* [PROMPT]: Begin with the first line of the entries below. Copy each line exactly, stopping after the one that contains "館内外の案内や解説(ガイド)".

* [SOURCE RECORDS]:
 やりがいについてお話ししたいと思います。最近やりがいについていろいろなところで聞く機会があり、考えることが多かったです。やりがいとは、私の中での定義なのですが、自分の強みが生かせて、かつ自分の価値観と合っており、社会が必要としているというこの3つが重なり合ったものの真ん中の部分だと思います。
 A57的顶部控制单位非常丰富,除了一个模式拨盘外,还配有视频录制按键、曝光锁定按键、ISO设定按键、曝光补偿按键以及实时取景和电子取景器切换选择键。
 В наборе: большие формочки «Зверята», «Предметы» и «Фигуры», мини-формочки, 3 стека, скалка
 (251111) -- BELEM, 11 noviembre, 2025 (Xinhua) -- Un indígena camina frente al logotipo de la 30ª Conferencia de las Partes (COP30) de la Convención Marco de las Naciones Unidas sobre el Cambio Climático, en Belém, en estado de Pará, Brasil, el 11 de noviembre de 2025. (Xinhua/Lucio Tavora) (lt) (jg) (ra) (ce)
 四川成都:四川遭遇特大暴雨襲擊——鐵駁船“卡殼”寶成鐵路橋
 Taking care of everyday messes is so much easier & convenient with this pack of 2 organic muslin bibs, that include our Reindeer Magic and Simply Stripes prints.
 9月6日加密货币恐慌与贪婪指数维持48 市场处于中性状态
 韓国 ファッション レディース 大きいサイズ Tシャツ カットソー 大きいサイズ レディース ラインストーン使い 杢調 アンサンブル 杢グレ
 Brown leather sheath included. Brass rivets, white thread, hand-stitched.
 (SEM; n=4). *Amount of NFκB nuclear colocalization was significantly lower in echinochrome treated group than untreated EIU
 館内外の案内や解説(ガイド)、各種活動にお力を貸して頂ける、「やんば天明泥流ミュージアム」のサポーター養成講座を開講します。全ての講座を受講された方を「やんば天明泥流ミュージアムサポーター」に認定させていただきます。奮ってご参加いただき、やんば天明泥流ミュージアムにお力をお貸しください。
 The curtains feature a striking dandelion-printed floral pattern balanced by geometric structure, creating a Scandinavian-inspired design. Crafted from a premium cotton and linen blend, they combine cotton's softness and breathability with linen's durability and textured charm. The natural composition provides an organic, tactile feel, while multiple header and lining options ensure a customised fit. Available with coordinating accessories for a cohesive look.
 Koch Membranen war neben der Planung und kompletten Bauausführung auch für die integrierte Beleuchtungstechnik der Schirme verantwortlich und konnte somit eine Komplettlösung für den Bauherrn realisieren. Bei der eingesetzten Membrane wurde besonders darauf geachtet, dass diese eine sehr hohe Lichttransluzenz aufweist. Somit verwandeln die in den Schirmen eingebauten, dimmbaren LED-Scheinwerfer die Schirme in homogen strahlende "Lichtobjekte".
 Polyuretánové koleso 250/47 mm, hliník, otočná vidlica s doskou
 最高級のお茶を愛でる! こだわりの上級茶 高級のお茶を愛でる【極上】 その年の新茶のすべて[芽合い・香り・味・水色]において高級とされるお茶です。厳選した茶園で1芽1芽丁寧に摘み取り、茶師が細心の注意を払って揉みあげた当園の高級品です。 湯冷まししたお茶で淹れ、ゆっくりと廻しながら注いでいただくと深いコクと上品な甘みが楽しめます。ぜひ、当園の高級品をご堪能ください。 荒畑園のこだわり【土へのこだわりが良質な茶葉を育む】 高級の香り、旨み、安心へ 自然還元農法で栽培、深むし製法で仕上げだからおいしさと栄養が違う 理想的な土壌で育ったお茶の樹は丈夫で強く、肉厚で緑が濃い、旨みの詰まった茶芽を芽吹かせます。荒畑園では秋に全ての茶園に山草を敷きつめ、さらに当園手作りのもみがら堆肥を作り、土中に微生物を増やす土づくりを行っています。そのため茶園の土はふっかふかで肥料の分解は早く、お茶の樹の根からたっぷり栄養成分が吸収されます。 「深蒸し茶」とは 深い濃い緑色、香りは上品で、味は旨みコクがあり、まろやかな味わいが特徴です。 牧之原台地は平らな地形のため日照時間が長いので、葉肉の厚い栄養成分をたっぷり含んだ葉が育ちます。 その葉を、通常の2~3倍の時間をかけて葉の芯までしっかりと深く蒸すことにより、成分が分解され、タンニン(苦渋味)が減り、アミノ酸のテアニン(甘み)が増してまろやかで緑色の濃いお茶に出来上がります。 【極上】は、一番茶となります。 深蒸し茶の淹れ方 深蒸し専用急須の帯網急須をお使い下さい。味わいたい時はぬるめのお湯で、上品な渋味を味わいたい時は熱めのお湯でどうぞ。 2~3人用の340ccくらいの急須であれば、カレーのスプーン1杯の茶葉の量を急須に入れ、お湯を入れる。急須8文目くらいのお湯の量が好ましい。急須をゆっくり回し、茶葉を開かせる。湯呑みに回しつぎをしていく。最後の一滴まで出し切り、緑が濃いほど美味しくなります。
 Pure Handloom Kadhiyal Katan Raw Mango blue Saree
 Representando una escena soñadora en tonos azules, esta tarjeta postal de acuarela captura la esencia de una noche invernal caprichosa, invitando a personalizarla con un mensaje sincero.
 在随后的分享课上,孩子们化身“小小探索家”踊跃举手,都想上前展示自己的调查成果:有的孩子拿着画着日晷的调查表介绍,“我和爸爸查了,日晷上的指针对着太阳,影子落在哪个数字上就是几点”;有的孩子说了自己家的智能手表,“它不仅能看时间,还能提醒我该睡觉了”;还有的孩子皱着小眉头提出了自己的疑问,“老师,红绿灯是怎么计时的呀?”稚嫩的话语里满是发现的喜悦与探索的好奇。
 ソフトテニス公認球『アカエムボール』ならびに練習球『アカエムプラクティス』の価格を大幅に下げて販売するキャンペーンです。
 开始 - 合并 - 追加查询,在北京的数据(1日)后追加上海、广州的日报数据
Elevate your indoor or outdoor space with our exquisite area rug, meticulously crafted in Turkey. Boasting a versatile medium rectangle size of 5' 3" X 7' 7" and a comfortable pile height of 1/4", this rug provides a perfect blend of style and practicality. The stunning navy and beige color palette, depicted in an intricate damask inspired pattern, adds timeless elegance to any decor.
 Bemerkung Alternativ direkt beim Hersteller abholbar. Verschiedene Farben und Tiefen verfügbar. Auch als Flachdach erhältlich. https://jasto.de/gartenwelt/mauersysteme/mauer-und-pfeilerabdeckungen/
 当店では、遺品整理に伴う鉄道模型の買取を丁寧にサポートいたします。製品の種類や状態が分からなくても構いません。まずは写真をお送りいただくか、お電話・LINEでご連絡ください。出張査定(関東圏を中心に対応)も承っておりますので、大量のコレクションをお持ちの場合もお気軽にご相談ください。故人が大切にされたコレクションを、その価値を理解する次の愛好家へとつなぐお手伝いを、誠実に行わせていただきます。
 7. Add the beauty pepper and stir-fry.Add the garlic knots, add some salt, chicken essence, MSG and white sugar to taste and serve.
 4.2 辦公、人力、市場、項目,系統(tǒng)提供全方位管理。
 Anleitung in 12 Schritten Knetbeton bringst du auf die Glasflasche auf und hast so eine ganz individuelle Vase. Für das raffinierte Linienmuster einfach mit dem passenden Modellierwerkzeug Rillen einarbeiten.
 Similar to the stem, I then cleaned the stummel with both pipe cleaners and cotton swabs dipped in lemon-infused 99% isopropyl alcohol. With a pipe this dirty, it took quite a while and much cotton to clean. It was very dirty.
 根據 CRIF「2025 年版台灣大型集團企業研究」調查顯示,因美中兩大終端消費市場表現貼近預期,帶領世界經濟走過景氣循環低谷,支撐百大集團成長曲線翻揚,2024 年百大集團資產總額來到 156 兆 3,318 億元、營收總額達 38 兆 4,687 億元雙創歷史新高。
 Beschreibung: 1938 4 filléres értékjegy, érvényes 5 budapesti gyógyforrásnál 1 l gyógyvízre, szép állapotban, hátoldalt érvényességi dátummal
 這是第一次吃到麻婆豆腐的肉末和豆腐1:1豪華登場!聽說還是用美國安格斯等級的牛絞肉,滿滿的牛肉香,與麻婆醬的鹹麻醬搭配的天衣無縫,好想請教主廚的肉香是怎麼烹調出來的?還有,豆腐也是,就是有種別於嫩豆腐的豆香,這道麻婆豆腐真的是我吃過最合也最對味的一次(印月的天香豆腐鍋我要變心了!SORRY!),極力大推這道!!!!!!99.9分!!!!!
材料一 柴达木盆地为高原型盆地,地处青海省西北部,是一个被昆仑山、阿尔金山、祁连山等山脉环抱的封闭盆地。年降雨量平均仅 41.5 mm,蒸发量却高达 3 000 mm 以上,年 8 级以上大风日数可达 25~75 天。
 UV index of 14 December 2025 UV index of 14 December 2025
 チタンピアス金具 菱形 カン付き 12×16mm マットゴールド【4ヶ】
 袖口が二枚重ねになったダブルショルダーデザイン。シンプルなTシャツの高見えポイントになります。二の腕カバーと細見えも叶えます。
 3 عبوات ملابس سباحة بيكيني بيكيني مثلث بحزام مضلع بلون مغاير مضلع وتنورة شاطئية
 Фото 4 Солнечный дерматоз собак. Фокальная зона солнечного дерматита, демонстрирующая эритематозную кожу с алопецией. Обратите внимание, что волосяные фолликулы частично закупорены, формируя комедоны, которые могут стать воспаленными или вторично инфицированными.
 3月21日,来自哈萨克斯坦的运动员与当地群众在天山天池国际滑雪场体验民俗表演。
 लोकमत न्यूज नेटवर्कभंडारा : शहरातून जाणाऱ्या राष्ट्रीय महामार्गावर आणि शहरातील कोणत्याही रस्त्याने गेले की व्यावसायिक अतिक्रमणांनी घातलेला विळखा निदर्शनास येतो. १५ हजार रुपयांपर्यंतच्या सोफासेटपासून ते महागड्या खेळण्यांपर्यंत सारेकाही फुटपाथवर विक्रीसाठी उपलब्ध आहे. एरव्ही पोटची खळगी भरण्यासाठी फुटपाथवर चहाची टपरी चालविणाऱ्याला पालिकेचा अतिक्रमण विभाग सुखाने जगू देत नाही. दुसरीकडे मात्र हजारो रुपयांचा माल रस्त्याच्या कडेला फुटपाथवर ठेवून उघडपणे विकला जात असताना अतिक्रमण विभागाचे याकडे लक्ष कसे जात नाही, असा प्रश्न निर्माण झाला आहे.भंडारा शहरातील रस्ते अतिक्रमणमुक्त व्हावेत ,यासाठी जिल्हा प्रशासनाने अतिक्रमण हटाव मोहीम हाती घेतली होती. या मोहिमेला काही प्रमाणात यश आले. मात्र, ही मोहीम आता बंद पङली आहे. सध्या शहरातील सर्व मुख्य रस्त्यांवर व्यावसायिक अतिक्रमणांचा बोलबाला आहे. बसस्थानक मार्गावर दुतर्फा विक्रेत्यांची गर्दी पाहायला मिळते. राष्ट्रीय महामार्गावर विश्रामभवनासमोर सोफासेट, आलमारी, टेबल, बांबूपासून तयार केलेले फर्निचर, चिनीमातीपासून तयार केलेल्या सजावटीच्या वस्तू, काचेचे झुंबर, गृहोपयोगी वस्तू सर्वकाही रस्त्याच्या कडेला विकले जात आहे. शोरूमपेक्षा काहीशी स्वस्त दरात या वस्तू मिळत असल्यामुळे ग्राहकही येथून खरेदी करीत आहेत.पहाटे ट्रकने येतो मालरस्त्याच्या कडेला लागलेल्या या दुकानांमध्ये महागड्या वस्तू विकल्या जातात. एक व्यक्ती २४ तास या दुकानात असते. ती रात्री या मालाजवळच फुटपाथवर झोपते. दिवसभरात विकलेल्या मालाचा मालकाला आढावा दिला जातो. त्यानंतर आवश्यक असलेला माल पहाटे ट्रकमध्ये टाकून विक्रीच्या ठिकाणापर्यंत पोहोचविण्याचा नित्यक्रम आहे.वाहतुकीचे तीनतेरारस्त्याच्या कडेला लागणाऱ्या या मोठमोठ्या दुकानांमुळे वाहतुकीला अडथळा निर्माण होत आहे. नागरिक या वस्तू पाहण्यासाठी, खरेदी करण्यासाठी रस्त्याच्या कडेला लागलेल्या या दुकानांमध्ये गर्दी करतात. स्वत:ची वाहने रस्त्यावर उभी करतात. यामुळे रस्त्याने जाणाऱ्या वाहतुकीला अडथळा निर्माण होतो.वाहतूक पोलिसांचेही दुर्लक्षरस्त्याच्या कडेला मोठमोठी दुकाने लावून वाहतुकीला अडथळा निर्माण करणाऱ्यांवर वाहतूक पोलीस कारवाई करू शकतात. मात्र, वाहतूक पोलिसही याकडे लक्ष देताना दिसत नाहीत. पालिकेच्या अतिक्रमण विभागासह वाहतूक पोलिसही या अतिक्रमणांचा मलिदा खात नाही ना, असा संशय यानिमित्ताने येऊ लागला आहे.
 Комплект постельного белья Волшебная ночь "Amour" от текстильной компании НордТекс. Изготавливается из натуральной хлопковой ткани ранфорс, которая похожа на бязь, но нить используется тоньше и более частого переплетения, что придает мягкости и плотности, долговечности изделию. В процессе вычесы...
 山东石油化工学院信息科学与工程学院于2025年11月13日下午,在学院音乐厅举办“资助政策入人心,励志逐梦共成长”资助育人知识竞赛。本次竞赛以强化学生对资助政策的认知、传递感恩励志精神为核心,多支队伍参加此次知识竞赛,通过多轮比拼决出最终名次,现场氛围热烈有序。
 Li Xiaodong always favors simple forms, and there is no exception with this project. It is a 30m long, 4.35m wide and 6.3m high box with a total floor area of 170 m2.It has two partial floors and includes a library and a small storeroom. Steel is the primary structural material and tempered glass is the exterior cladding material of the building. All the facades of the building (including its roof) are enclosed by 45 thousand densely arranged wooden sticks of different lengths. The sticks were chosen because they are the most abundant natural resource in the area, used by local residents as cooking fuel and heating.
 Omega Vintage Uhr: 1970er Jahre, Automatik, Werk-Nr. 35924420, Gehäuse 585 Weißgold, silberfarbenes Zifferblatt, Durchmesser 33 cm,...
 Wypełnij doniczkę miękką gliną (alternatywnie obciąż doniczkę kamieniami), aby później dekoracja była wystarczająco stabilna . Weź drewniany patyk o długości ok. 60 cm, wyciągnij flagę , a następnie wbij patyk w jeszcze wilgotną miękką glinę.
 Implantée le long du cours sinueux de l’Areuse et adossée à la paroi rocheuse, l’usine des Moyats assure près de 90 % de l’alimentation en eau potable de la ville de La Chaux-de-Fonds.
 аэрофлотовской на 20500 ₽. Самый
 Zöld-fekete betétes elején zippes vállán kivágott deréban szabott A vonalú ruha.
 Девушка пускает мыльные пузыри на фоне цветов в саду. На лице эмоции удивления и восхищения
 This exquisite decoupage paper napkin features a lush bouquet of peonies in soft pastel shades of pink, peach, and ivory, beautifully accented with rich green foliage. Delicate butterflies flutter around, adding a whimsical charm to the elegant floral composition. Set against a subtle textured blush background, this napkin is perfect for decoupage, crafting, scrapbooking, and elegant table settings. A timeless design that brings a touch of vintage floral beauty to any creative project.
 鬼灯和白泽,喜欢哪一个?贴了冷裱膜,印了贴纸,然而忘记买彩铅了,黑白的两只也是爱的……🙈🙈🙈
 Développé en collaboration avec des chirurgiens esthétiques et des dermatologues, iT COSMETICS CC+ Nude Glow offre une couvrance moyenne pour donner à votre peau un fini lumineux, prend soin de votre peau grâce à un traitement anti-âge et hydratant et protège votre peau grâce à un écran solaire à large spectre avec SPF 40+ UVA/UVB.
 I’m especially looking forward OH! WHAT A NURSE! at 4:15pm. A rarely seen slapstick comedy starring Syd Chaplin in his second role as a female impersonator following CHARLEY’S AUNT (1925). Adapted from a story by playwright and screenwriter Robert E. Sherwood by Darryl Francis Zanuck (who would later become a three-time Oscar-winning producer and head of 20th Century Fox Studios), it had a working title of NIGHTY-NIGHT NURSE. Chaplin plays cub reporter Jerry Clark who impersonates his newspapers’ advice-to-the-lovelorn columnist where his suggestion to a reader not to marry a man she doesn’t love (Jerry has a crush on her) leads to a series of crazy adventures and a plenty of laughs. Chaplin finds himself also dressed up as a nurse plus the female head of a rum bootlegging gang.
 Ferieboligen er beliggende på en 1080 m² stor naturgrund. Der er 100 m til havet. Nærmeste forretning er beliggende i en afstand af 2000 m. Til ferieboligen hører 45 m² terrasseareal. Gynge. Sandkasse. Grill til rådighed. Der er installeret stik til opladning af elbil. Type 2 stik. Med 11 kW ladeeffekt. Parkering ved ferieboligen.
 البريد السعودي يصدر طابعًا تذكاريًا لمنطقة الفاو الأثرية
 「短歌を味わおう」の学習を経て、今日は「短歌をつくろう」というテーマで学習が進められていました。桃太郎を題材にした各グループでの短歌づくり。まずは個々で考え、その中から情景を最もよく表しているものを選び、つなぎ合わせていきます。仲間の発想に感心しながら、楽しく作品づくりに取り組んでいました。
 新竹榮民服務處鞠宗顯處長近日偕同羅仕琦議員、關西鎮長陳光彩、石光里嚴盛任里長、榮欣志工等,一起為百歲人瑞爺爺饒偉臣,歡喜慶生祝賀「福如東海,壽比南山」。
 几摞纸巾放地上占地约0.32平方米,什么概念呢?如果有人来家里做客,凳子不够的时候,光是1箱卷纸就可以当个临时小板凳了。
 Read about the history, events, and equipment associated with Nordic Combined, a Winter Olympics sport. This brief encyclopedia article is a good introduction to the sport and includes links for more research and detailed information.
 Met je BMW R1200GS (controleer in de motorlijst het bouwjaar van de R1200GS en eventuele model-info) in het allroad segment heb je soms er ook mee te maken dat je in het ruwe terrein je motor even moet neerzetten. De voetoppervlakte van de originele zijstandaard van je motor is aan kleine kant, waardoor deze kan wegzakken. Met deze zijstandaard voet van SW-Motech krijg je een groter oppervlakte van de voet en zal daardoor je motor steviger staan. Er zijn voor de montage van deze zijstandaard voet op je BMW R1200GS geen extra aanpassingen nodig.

* [RESULT FOR THIS EXERCISE]:
 やりがいについてお話ししたいと思います。最近やりがいについていろいろなところで聞く機会があり、考えることが多かったです。やりがいとは、私の中での定義なのですが、自分の強みが生かせて、かつ自分の価値観と合っており、社会が必要としているというこの3つが重なり合ったものの真ん中の部分だと思います。
 A57的顶部控制单位非常丰富,除了一个模式拨盘外,还配有视频录制按键、曝光锁定按键、ISO设定按键、曝光补偿按键以及实时取景和电子取景器切换选择键。
 В наборе: большие формочки «Зверята», «Предметы» и «Фигуры», мини-формочки, 3 стека, скалка
 (251111) -- BELEM, 11 noviembre, 2025 (Xinhua) -- Un indígena camina frente al logotipo de la 30ª Conferencia de las Partes (COP30) de la Convención Marco de las Naciones Unidas sobre el Cambio Climático, en Belém, en estado de Pará, Brasil, el 11 de noviembre de 2025. (Xinhua/Lucio Tavora) (lt) (jg) (ra) (ce)
 四川成都:四川遭遇特大暴雨襲擊——鐵駁船“卡殼”寶成鐵路橋
 Taking care of everyday messes is so much easier & convenient with this pack of 2 organic muslin bibs, that include our Reindeer Magic and Simply Stripes prints.
 9月6日加密货币恐慌与贪婪指数维持48 市场处于中性状态
 韓国 ファッション レディース 大きいサイズ Tシャツ カットソー 大きいサイズ レディース ラインストーン使い 杢調 アンサンブル 杢グレ
 Brown leather sheath included. Brass rivets, white thread, hand-stitched.
 (SEM; n=4). *Amount of NFκB nuclear colocalization was significantly lower in echinochrome treated group than untreated EIU
 館内外の案内や解説(ガイド)、各種活動にお力を貸して頂ける、「やんば天明泥流ミュージアム」のサポーター養成講座を開講します。全ての講座を受講された方を「やんば天明泥流ミュージアムサポーター」に認定させていただきます。奮ってご参加いただき、やんば天明泥流ミュージアムにお力をお貸しください。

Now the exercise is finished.